Funnily enough, the RAID10 arrays are both faster with three than with four threads although one might think that it would be easier for them to parallel an even number of threads.

The degraded arrays do not have serious performance hits but are slower than their healthy counterparts.

When the arrays are writing one thread, their standings are logical and predictable and their speeds are high.

When there are two threads to be processed, most of the arrays slow down at the same rate, but there are exceptions: the RAID0 arrays and the ordinary and degraded RAID5 have a smaller performance hit.

There are no changes in the standings when a third and fourth thread is added. The speeds just get lower.

Web-Server, File-Server, Workstation Patterns

The controllers are tested under loads typical of servers and workstations.

The names of the patterns are self-explanatory. The request queue is limited to 32 requests in the Workstation pattern. Of course, Web-Server and File-Server are nothing but general names. The former pattern emulates the load of any server that is working with read requests only whereas the latter pattern emulates a server that has to perform a certain percent of writes.

Thanks to efficiently selecting the more suitable disk in a mirror pair, the RAID10 arrays are considerably faster than the same-size RAID0 when there are only read requests to be performed. The degraded RAID10 is slower than its healthy counterpart but always ahead of the 4-disk RAID0 and, at low loads, even ahead of the 8-disk RAID0.

It is all simple and clear here: the more disks the array has, the higher its performance. And it does not really matter what type of array (RAID5 or RAID6) you use.

The degraded RAID5 and RAID6 both suffer a twofold performance hit due to the loss of one disk. The loss of a second disk in the RAID6 makes it almost as slow as the single HDD.

The performance ratings show that the RAID10 enjoy a large advantage over same-size arrays of other types at pure reading.

The standings change somewhat with the addition of write requests. The RAID10 are still in the lead under low loads but the RAID0 arrays go ahead at a queue depth of more than 32 requests.

There are significant changes in the second group of arrays, too. The 8-disk RAID6 falls behind the 8-disk RAID5 although the 4-disk arrays of these types are equals. The performance of the degraded RAID6 with one failed disk is much lower than that of the healthy array.

Thanks to good results at short queue depths the RAID10 are but slightly slower than the RAID0 in terms of performance ratings. The RAID5 and RAID6 arrays are slower than in the previous test.
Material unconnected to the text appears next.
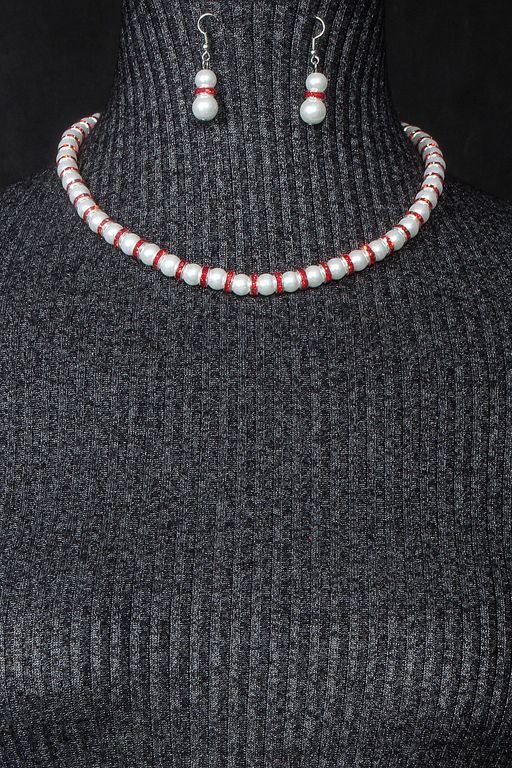 Великолепный комплект (Колье + серьги), украшен стразами. Длина колье: 50 см. + 5 см. Серьги: 4 см..­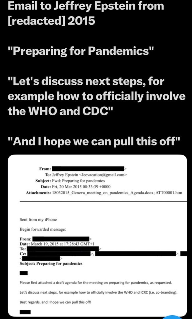 «Προετοιμασία για την πανδημία» το 2015, «Ας συζητήσουμε τα επόμενα βήματα, για παράδειγμα, πώς να εμπλέξουμε επίσημα τον ΠΟΥ και το CDC». «Ελπίζω να μπορέσουμε να το πετύχουμε». Ο Γκέιτς σχεδίαζε την πλανδημία με τον Έπσταϊν, τον ΠΟΥ και το CDC το 2015. Διόλου παράξενο που έβγαλε τόσα πολλά χρήματα από τα «εμβόλια».

The Workstation pattern has a large portion of writes and greatly different data block sizes. The RAID0 arrays are superior here. The RAID10 can only win at very short queue depths.

There are no changes among the checksum-based arrays. The standings are almost exactly like in the File-Server pattern.
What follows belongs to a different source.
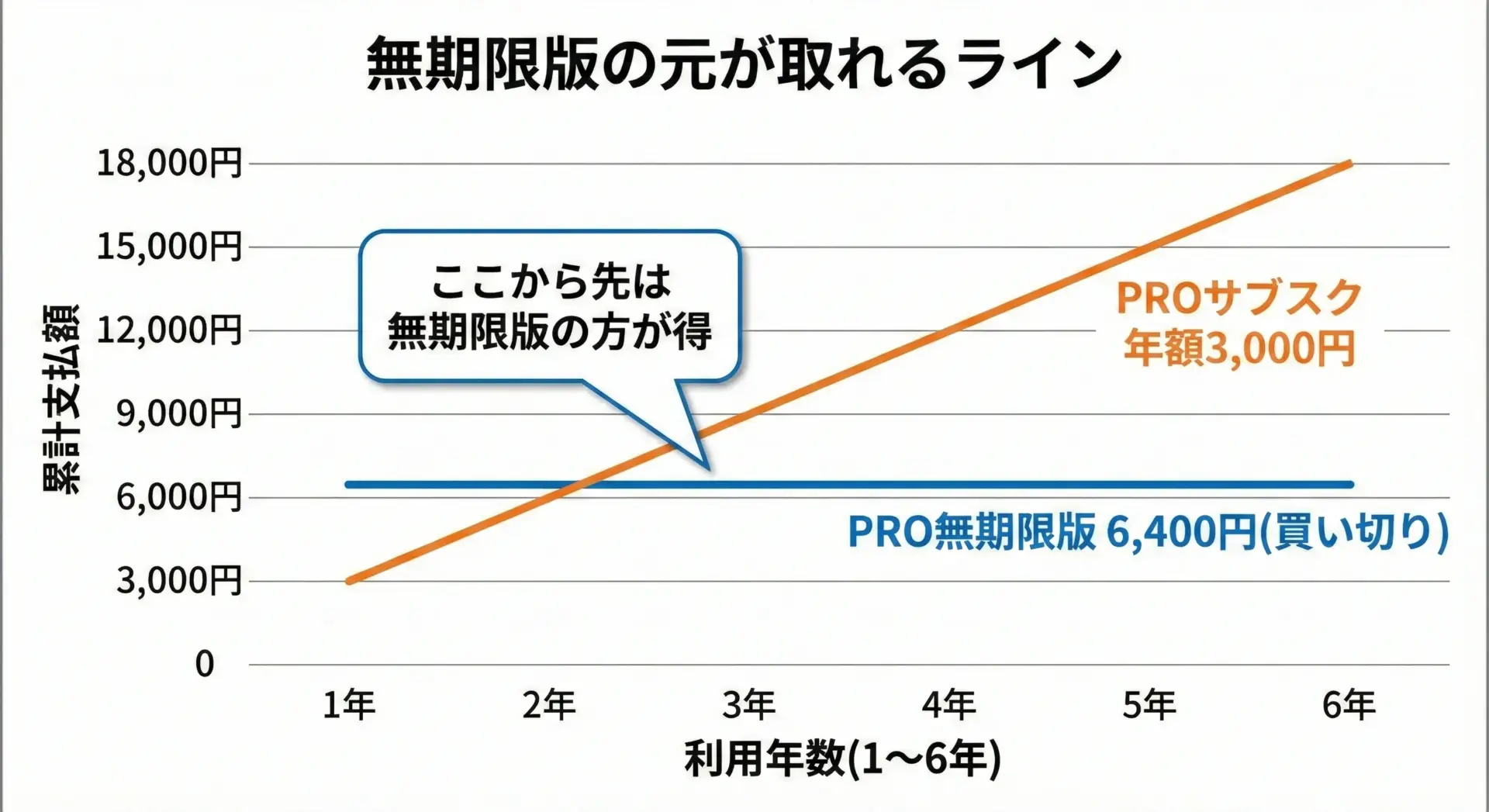 無期限版(PRO/EX)の価格と「元が取れる年数」

The RAID10 are better according to our performance rating formula.

Take note that not only the degraded but also all of the healthy arrays, except for the 8-disk RAID5, are inferior to the single HDD at such load.

When the test zone is limited to 32GB, the arrays all accelerate and even the degraded RAID6 with two failed disks is ahead of the single HDD. The RAID0 arrays are now obviously better than the RAID10: the reduction of the test zone lowers the time to access data and reduces the effect of selecting the “luckier” disk in a mirror pair.

Performance in FC-Test

For this test two 32GB partitions are created on the virtual disk of the RAID array and formatted in NTFS and then in FAT32. Then, a file-set is created on it. The file-set is then read from the array, copied within the same partition and then copied into another partition. The time taken to perform these operations is measured and the speed of the array is calculated. The Windows and Programs file-sets consist of a large number of small files whereas the other three patterns (ISO, MP3, and Install) include a few large files each.
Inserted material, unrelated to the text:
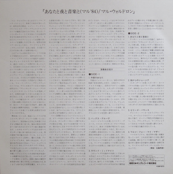 Mal Waldron - You And The Night And The Music (Mal '84) (LP, Album, Stereo) - Near Mint (NM or M-) / Very Good Plus (VG+)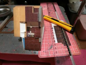 まずは画像をもとにしてサイズを割り出し、2mm厚のスチレンボードで外壁を組み立ててゆきます。

We’d like to note that the copying test is indicative of the array’s behavior under complex load. In fact, the array is working with two threads (one for reading and one for writing) when copying files.

This test produces too much data, so we will only discuss the results of the Install, ISO and Programs patterns in NTFS which illustrate the most characteristic use of the arrays. You can use the links below to view the other results:

Everything is normal in the Create test except that the degraded RAID10 is too different from the healthy array without a cause. Perhaps it was trying to write to the failed disk and was waiting for the latter to respond. The arrays are generally as fast as on competitor controllers, but we might wish them to perform better after the results of the sequential writing test.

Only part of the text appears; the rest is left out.